'One size fits all.'
The cross is one size fits all. We all must learn to deal with and metaphorically carry our challenges and grief with us. In the same way that Jesus found the courage and strength to keep going when He fell, so must we find that same strength within us.
I believe that there are two kinds of people in the church. There are those that one could consider "fairweather fans"; those that are faithful in times of joy and comfort, but turn then backs in anger when things don't go their way. And then there are the strong believers; those that pray often, and continue to have faith and find strength when the going gets tough.

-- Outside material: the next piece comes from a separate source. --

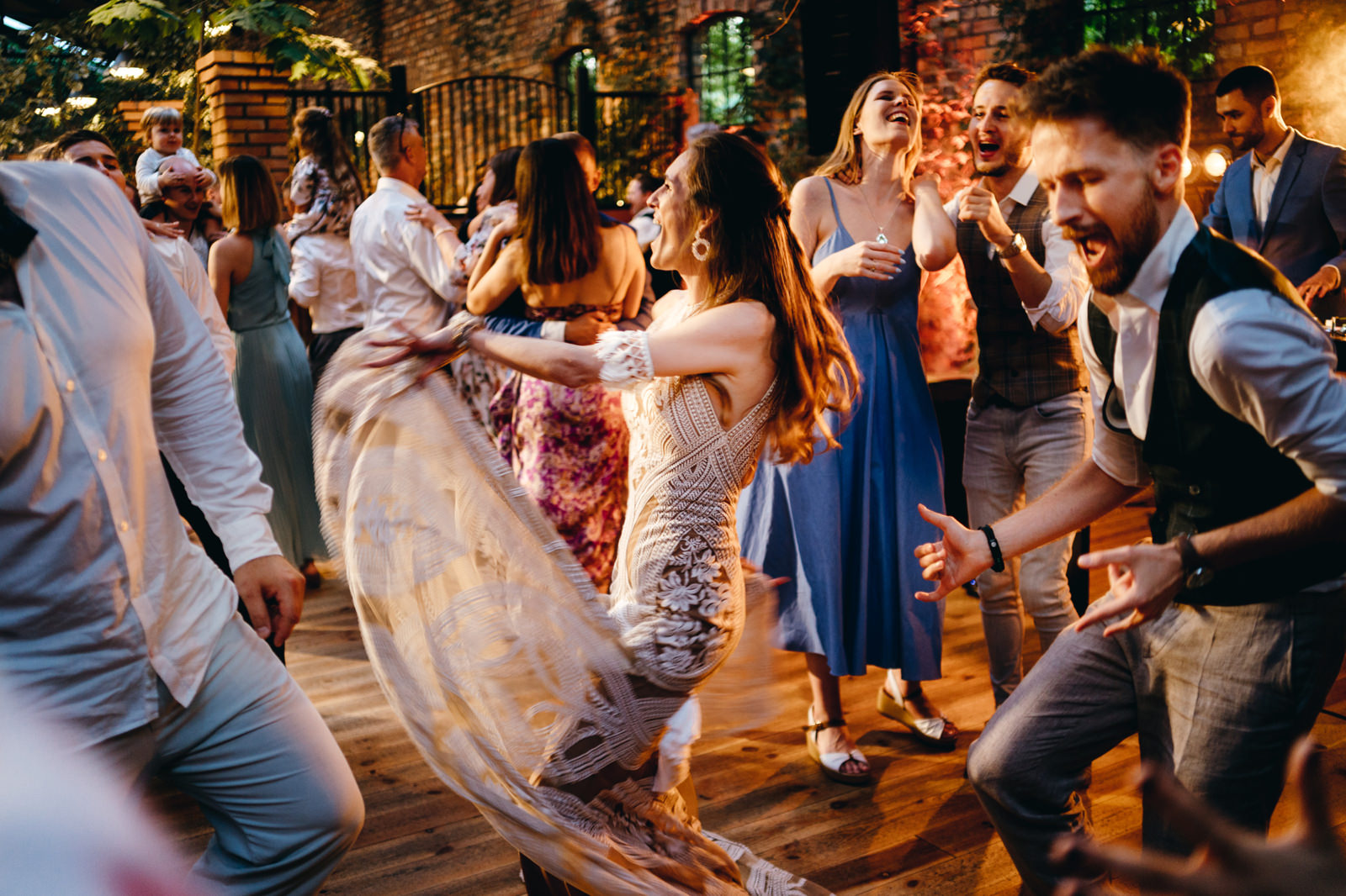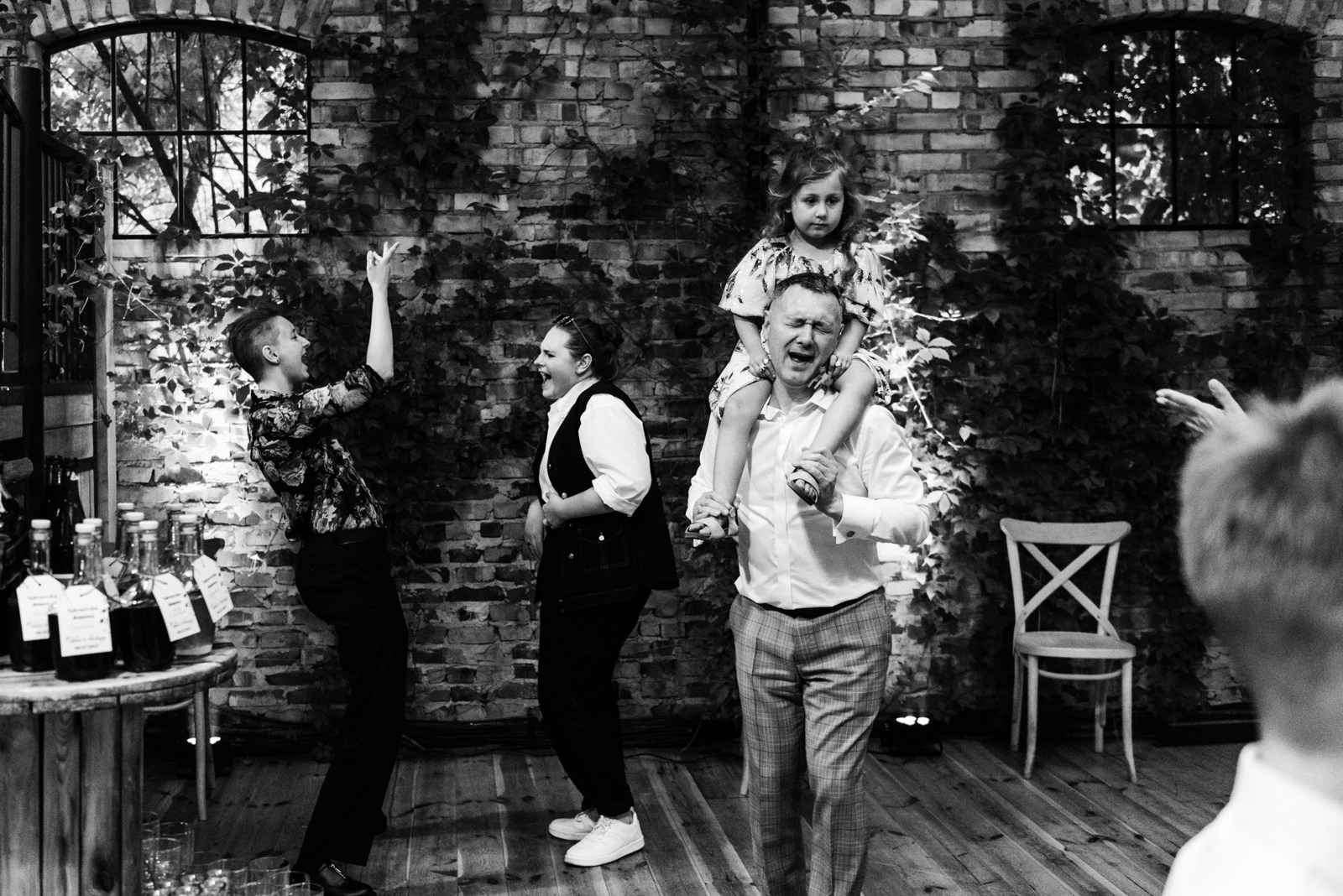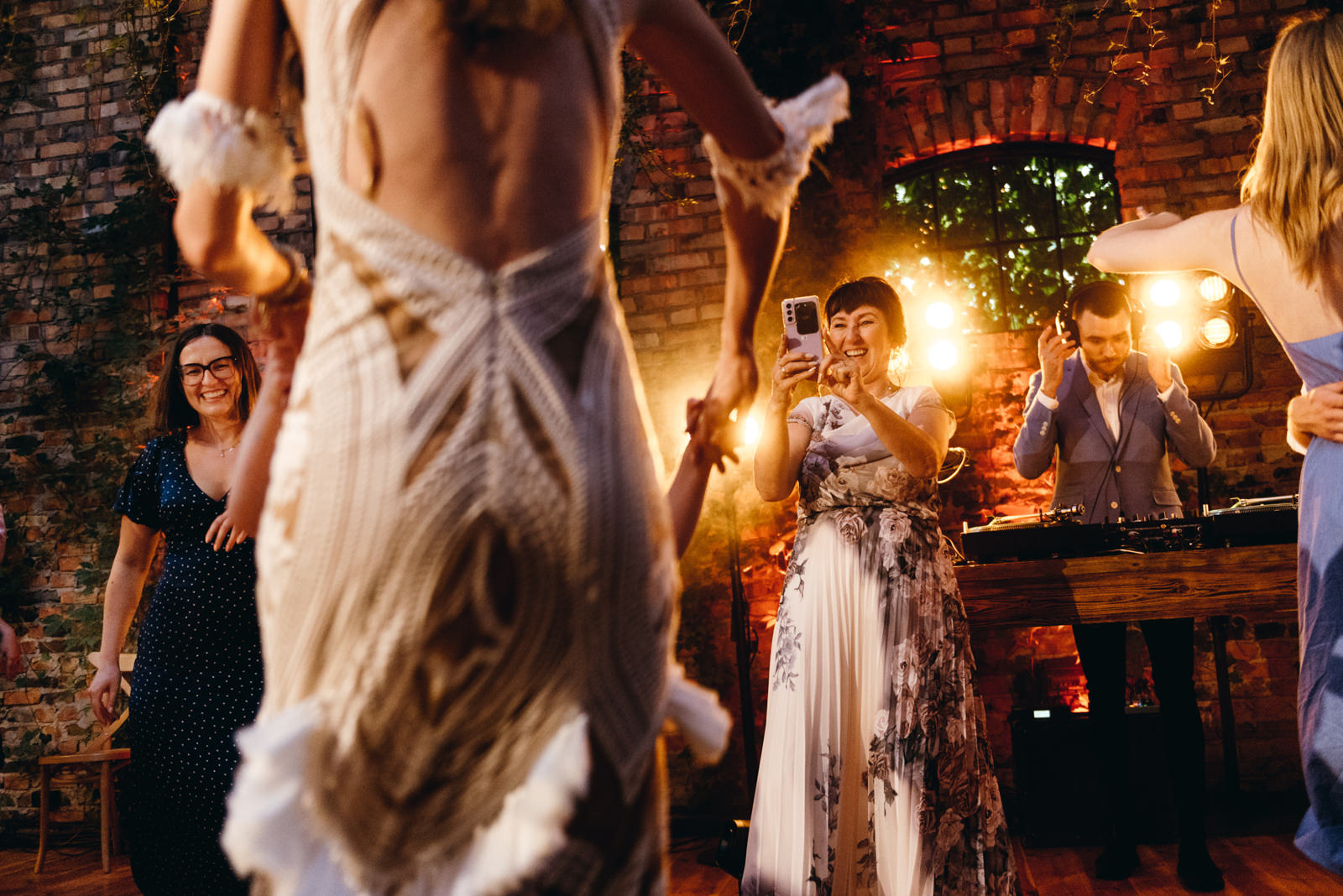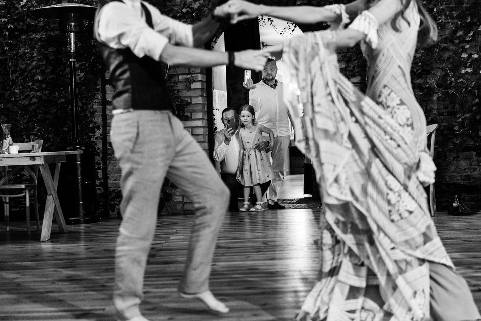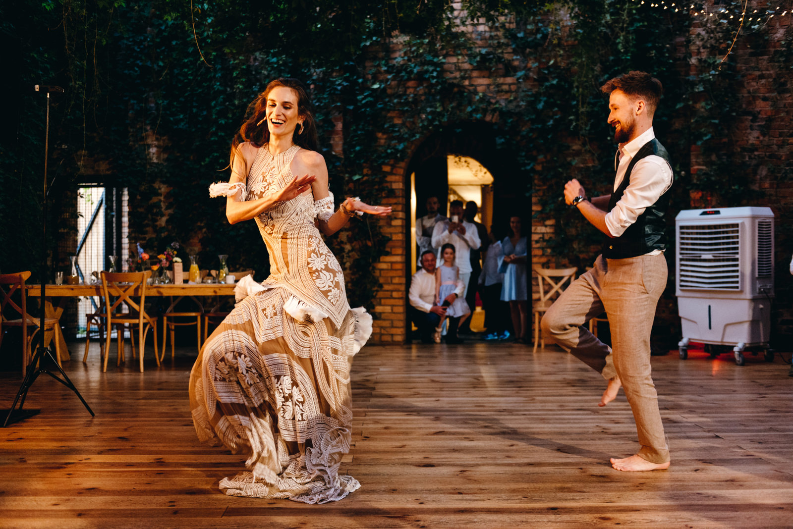 Wesele odbyło się w Dużej Stajni – czyli przestrzeni, która łączy klimat rustykalny z luzem typowym dla slow weddingów. Całość została przepięknie udekorowana przez Agatę z Floralmess – kolorowe kwiaty, lekko boho vibe i żadnej przesady. Tak to się robi! To nie była impreza z katalogu, tylko prawdziwe świętowanie – każdy element był „ich”. Ludzie czuli się swobodnie, a ja jako fotograf ślubny dokumentalny mogłem swobodnie łapać prawdziwe chwile – bez reżyserki, bez krzyku „spójrzcie tutaj”. Kiedy Andrzej zatańczył pierwszy taniec na bosaka, wiedziałem, że to nie będzie typowe wesele. I miałem rację.

I must admit, I had become a bit of a fairweather fan earlier this year. Since school started, I have found a way to really get back to it all, and my heart's really in it. I enjoy mass, and though it is hard to get up sometimes, I still do. Just this morning, after being very low on sleep Friday night, I thought about skipping church and just watching mass online and getting some more sleep. But then I thought, if I could devote time to go out Friday night, and spend time at the football game all Saturday, surely I could get my ass out of bed and devote an hour and a half to God today. And so I did.
Maybe it's just the atmosphere of school again, maybe it's my liking the individual church. Maybe it's the solemnity that I find in going to mass by myself at 8am in the morning with all the old folks, sitting in the same seat with the same people in front of me and behind me. I don't know, but I like it. I was iffy on church for awhile, and I think that even just my blogging about it so much can prove that I've really enjoyed it the past few weeks since I got back to school.
With that all being said, it's important that when the going gets a little tough that we don't drop our cross in the process. It's important that we don't try to hand it off to others, and only reap the benefits without giving any of ourselves at the same time. Faith is not a handout, it is a matter of give and receive. And I finally feel like I'm starting to give again.